**Task statement**.
Write out only the lines from the top of the listing below through the one with "调研团还走进浏阳市党外知识分", exactly as they stand, while keeping pictures out of the copy.

**Dataset content**.
════════
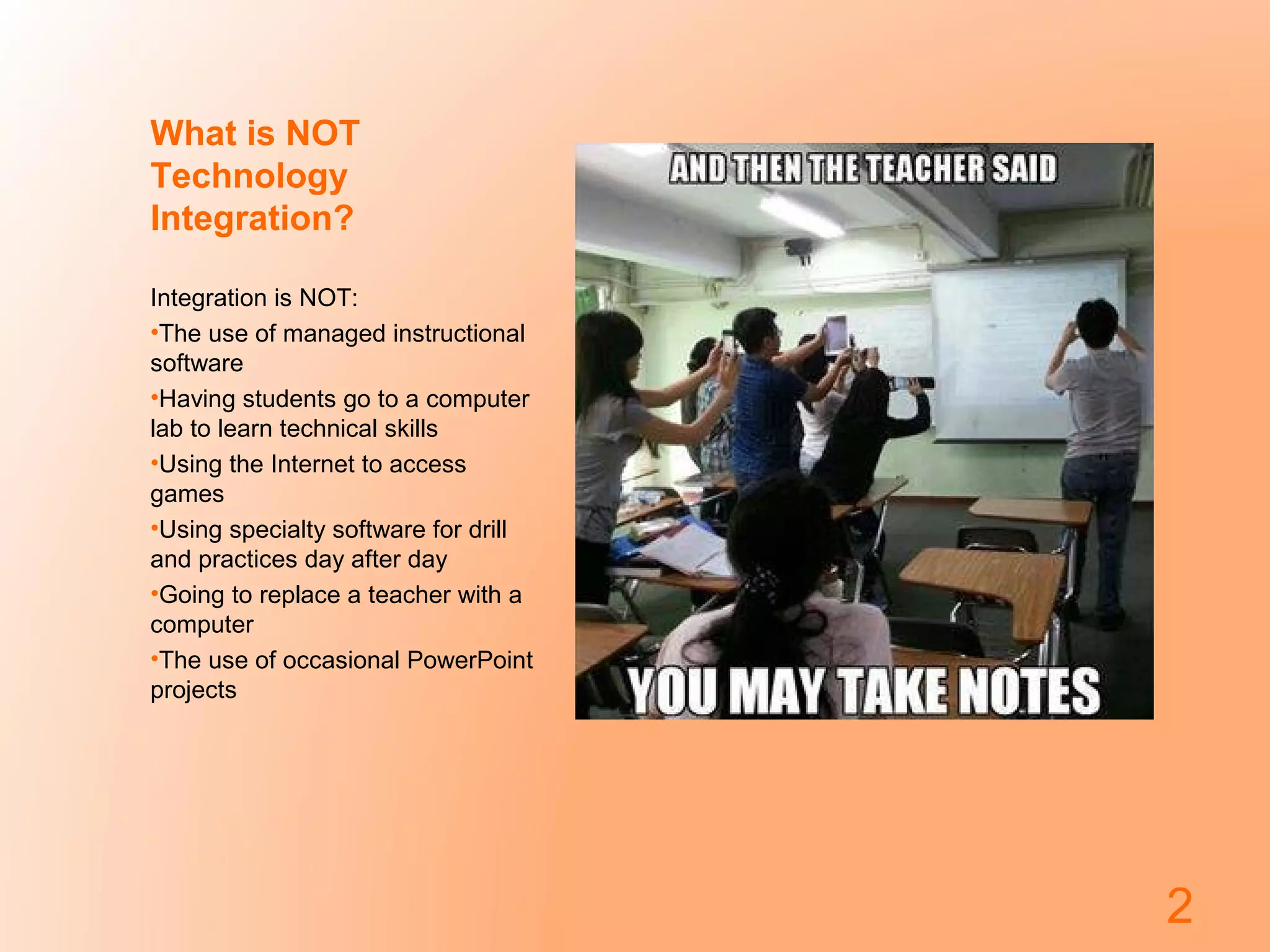 The document discusses technology integration in education. It defines technology integration as using technology to introduce, reinforce, extend, enrich, assess, and remediate curricular goals. This involves collaboration and planning by educators and always includes their participation. Some examples of what is not considered technology integration are using software just for drills, having students learn technical skills in a computer lab, or replacing teachers with computers. The document encourages technology integration because it can help teach students skills like complex thinking, problem solving, and collaboration. It provides tips for successful integration, such as starting small, embracing experimentation, and having backup plans for when problems occur.
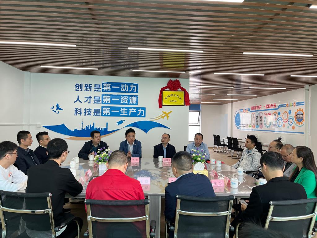 调研团还走进浏阳市党外知识分子联谊会,与众多企业家面对面座谈交流。期间,浏阳市委统战部常务副部长焦清平与李雷共同为bat365在线官方网站产教融合协同育人基地(宋天翔工作室)揭牌。
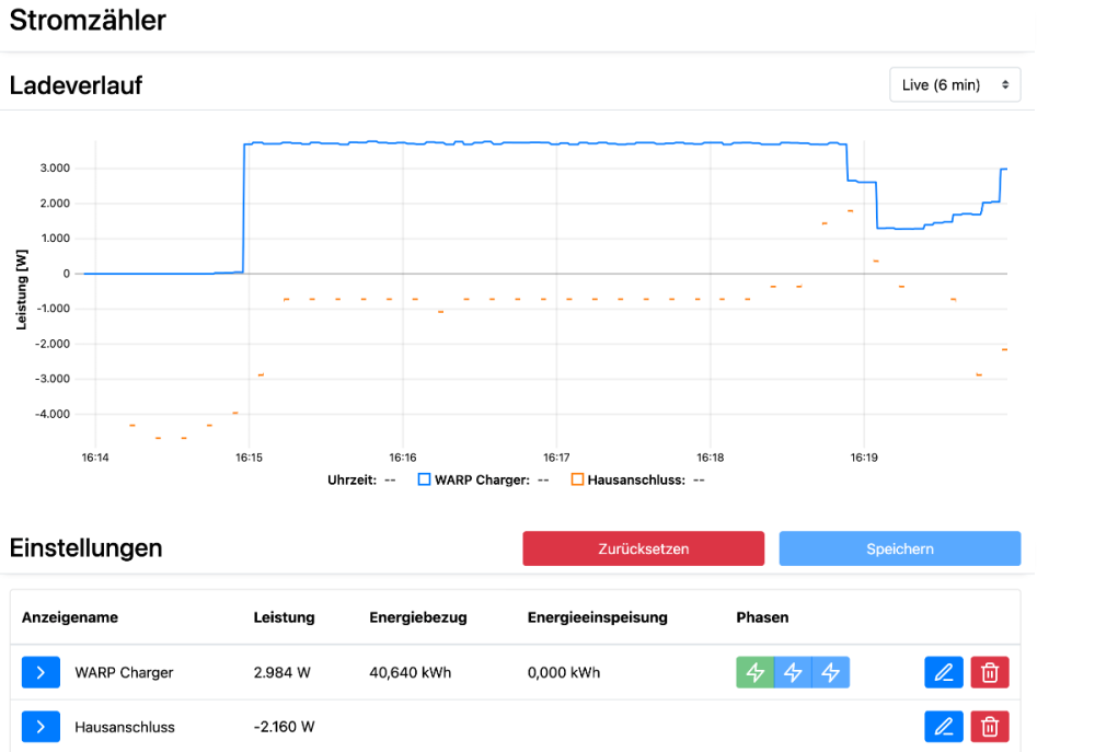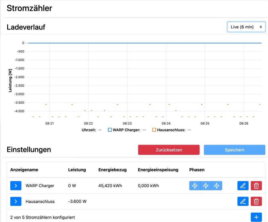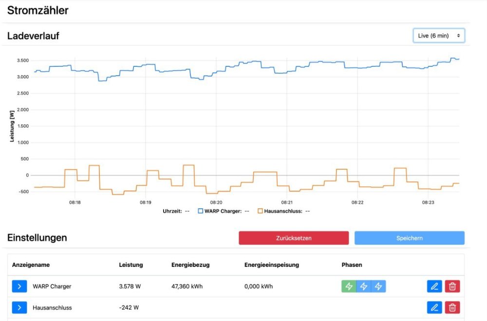 v0.0.4 müsste das jetzt richtig machen. Ich probier das morgen aus. def calcPower(self, payload) -> float: """ Calculate power from payload using MeterReading class. Args: payload: The decoded JSON payload from MQTT message Returns: float: Calculated power in watts """ # get the timestamp timestamp_str = payload.get(self.time_field) # Get the data from the payload data = payload.get(self.power_tag, {}) # Extract values e_in = data.get(self.in_field) e_out = data.get(self.out_field) power_magnitude = data.get(self.power_field) # Create current reading current = MeterReading(kWh_in=e_in, kWh_out=e_out, time_stamp=timestamp_str) # If we don't have a previous reading, store this one and return fallback power if not hasattr(self, "_last_reading"): active_power = None else: # calc power roughly from meter reading active_power = current.active_power(self._last_reading) # if we have a precise power magnitude we will use it: if power_magnitude: delta_in = e_in - self._last_reading.kWh_in delta_out = e_out - self._last_reading.kWh_out sign = 1 if delta_in >= delta_out else -1 active_power=sign*power_magnitude active_power=round(active_power) # Update stored reading self._last_reading = current return active_power Das Vorzeichen wird über die in/out Zähler bestimmt. Wirkleistung kommt vom Power2 Wert, der aber immer positiv ist. Die Anzeige in der warp UI sieht jetzt richtig aus das MQTT Intervall habe ich auf 10 Sekunden gestellt der aktuelle Wert wird dann einfach jede Sekunde gesendet. Das müsste deutlich besser funktionieren. -
════════
**Solution to this exercise**.
 The document discusses technology integration in education. It defines technology integration as using technology to introduce, reinforce, extend, enrich, assess, and remediate curricular goals. This involves collaboration and planning by educators and always includes their participation. Some examples of what is not considered technology integration are using software just for drills, having students learn technical skills in a computer lab, or replacing teachers with computers. The document encourages technology integration because it can help teach students skills like complex thinking, problem solving, and collaboration. It provides tips for successful integration, such as starting small, embracing experimentation, and having backup plans for when problems occur.
 调研团还走进浏阳市党外知识分子联谊会,与众多企业家面对面座谈交流。期间,浏阳市委统战部常务副部长焦清平与李雷共同为bat365在线官方网站产教融合协同育人基地(宋天翔工作室)揭牌。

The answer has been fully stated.